That is a victory for the NCAA/P5.

Many Americans believe that because athletes now have NIL opportunities and more mobility in the transfer market, they should sit down and stop complaining. “Problems solved” or “Enough is enough” seems to be a common public sentiment.

The NCAA and Power 5 have created a formidable NIL and transfer “wall” to deter further discussion on athlete benefits.

Health and safety issues, meaningful representation in NCAA/Power 5 decision-making processes, employee status, work conditions, and meaningful revenue sharing now sit behind this barrier.

The NCAA and Power 5 are using the NIL/transfer wall as a temporary measure until they achieve legal protections and immunities from Congress that will allow them to regain iron-fisted control over the regulation of college sports and the ability to restrict the existing NIL and transfer markets and prevent athletes from being employees.
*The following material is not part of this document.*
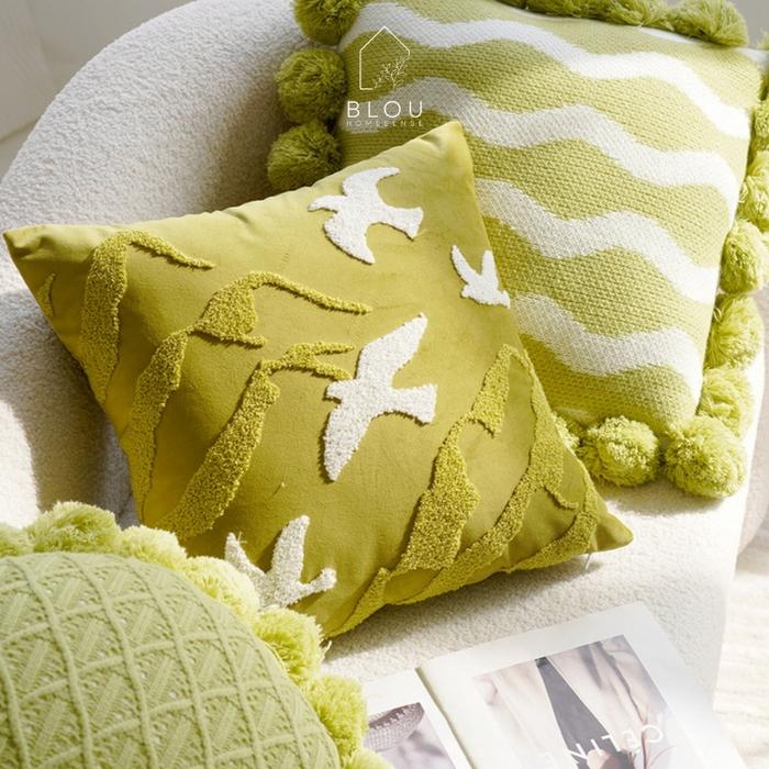BLOU SARUNG BANTAL SOFA PREMIUM BORDIR EMBOS SERI HIJAU MEWAH LUXURY CUSHION PILLOW CASE - A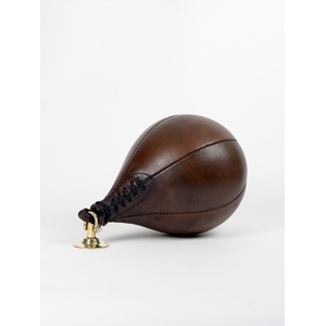 Cette poire de vitesse en cuir est munie d'une attache en laiton pour pratiquer l'entraînement à la boxe. Elle est fabriquée dans l'atelier artisanal de John Woodbridge à base de panneaux de cuir cousus manuellement. Effet boxe rétro garanti dans une décoration élégante et stylée !

The pendulum problem sits so deeply in the DNA of the current college sports business model that even “progressive” stakeholders, decision-makers, athletes’ rights advocates, and athletes themselves fall prey to it.

 

   E. The Pendulum Mindset: How Should We Measure Progress?

The dynamics illustrated by the green ball results in narratives built around the assumption that stakeholders should assess athletes’ interests and “progress” by comparing what they have now to what they had (or didn’t have) before.

This is “bottom-up” thinking.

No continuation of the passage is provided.